Most directly, then, Adams thinks Wright’s method, critical realism, cannot take us adequately to knowing God or, put differently, it is not how to know God. Wright might wonder how Adams thinks history is to be done and this is what Adams proceeds to do.
His approach to history is through the grid of apocalyptic theology, which means reading all of history through the grid of the Christ event (my expression), which leads to all sorts of questions from me, including the raggedy old problem of supersessionism. I jump ahead in his chapter to what I would take to be a summary thesis of his approach:
In contrast to Wright’s position—or in furtherance of it [yikes] —I have articulated a theological epistemology that assumes God as an active revealing and knowing subject, as both subject and object in the knowing relationship. This relationship is realized in fulfillment of all human knowing in Jesus of Nazareth, where God the Son as the new Adam, in full humanity, knows God the Father. In Torrance’s theology, we participate in this knowing relationship through the agency and gift of the Spirit. This way the relationship between idealism and realism is overcome by the perfection of knowledge in the trinitarian relations and as humanity is brought into that relation through the movement of the Son in the hypostatic union and through the work of the Spirit, who gives the gift of participation in those relations to the human knower. 181
[He continues on 182]: For a theology of history this ongoing presence and reality is precisely that which changes the historical paradigm. Instead of there being a gulf between the past and the present, there is a theological continuity—theological because it is grounded in the ongoing presence of God with his people. Theological epistemology is a pneumatic event for the human knower, since the actual knowledge relationship is realized outside of the knower in the relationship between the Father and the Son. Theological knowledge is true knowledge, but it is an actively mediated knowledge according to the category of gift.
[Thus]: Wright is imply wrong to say that theological knowledge, that is, knowledge of God and God’s involvement in the contingent order, is like knowledge of anything else.

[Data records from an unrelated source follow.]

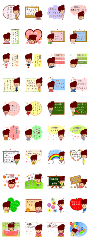 バリエーションいっぱいの「ありがとう」スタンプ。お礼の言葉に便利です。丁寧なやさしい言葉で感謝の気持ちを伝えましょう。
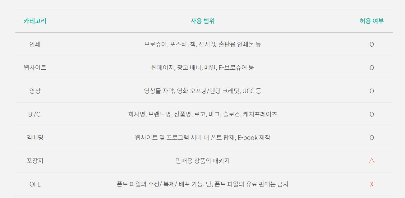 폰트명을 클릭하고 들어가보면 하단에 각 폰트에 대한 라이센스 관련 문구가 있습니다. 잘 확인해보시고 사용하시기 바랍니다. 상단 영역에 있는 다운로드 버튼을 통하여 폰트를 다운로드 해주세요.
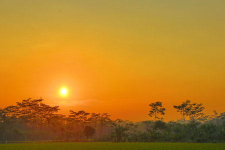 The orange background with the rising sun in the morning
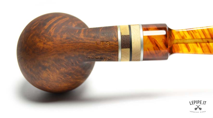 The matte smooth finish enhances the warm tones of the briar, with vertical grain patterns that give each pipe a unique and elegant appearance.
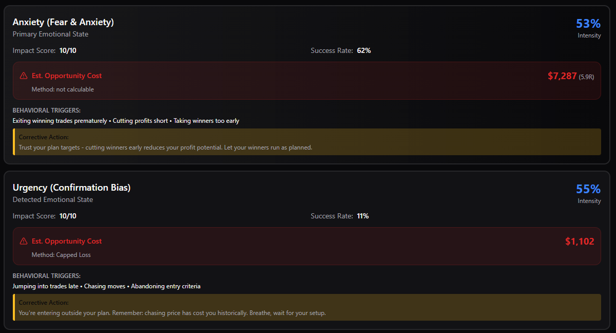 By combining MFE/MAE analysis with behavioural detection, the platform shows:
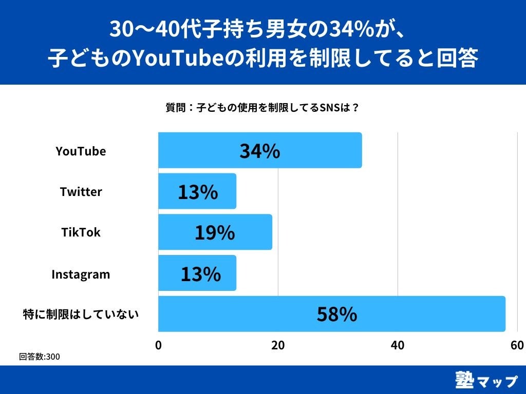 30~40代の男女を対象とした「子どもの使用を制限してるSNSは?」というアンケートで最も多かった回答は「特に制限はしていない」で58%でした。
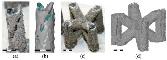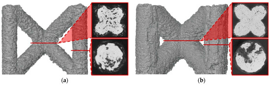 In the BCCZ cells with a diameter of 2 mm, irregular pores appear between the welds (Figure 10a), which are typical for low energy. The low energy of the process parameters means that only part of the material is melted, leaving unmelted areas between the tracks in which unmelted particles are trapped [19]. The BCCZ cells (Figure 10b) with a diameter of 3 mm have irregular pores with a volume of more than 0.05 mm3 in the inclined struts, but the node of the cell is without large pores. This could be due to the laser trajectories, which are different for the cell node than for the struts (Figure 1). Due to the sharp edges in the center, the material is heated at a higher temperature, which supports the melting of the powder particles [35]. Vertical struts of 3 mm BCCZ cells showed deformations (holes) on the surface that go through the material of the struts and are not recognized as pores by the CT scan (Figure 10b).
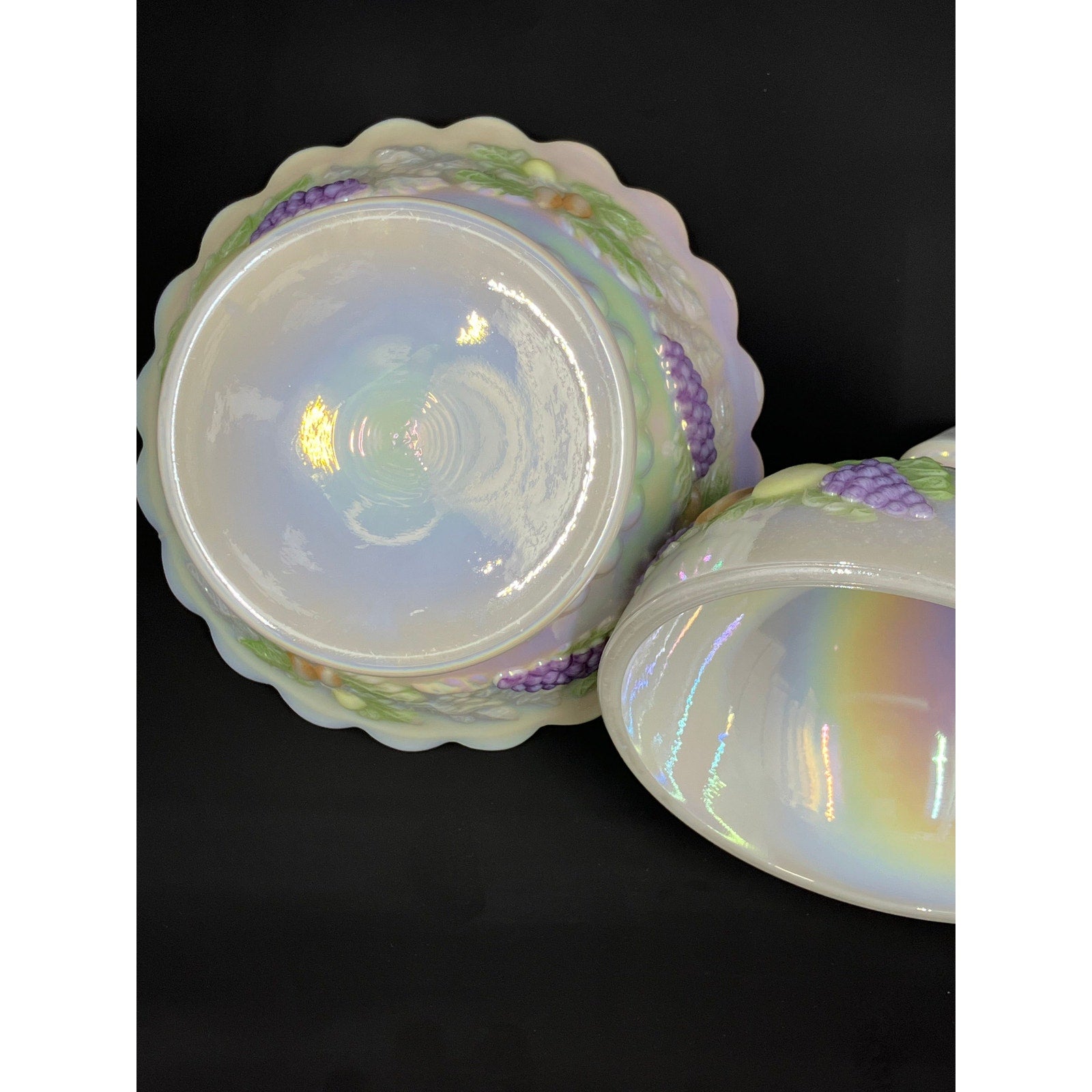 Westmoreland Iridescent Milk Glass Della Robbia Lidded Pedestal Candy Dish 7.25" tall, 5.5" wide
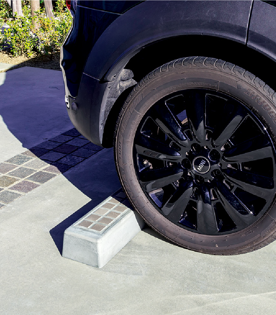 モザイクタイル、化粧砂利で華やかなカースペースを演出します。安全・美観・機能性に優れたコンクリート製の車止めブロックです。
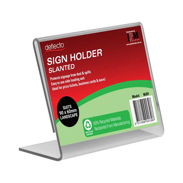 This Deflecto Recycled Business/Place Card Holder is perfect for displaying your business information and contact details in a professional manner
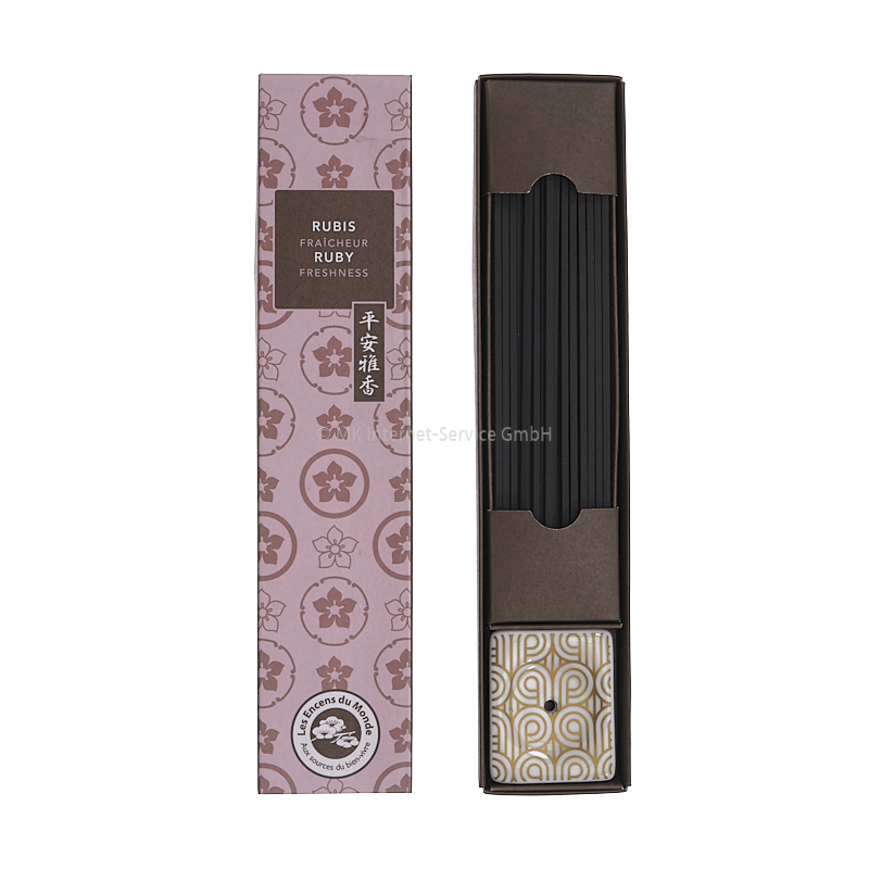 Die Räucherstäbchen werden mit einem passend zum Duft gestalteten Halter aus Porzellan geliefert. Das Motiv des Halters kann variieren.

[And on 183]: A theology of history articulates a perspective on the meaning of history as a whole, as, perhaps, a grand narrative that makes sense of all happenings in time and space, but does so according to the presently active reality of God. Again, this reality is not a reality obtained and possessed as universal knowledge in the way described above, but rather is a reality that demands that the meaning of history be placed in the hands of the one who gives history meaning and who remains, in his freedom, determinative of that meaning. This is apocalyptic. A theological epistemology, grounded in the trinitarian way of knowing, suggests that a theology of history would determine a theological account of historiography because a theology of history changes the hermeneutical position of the historian with respect to the past.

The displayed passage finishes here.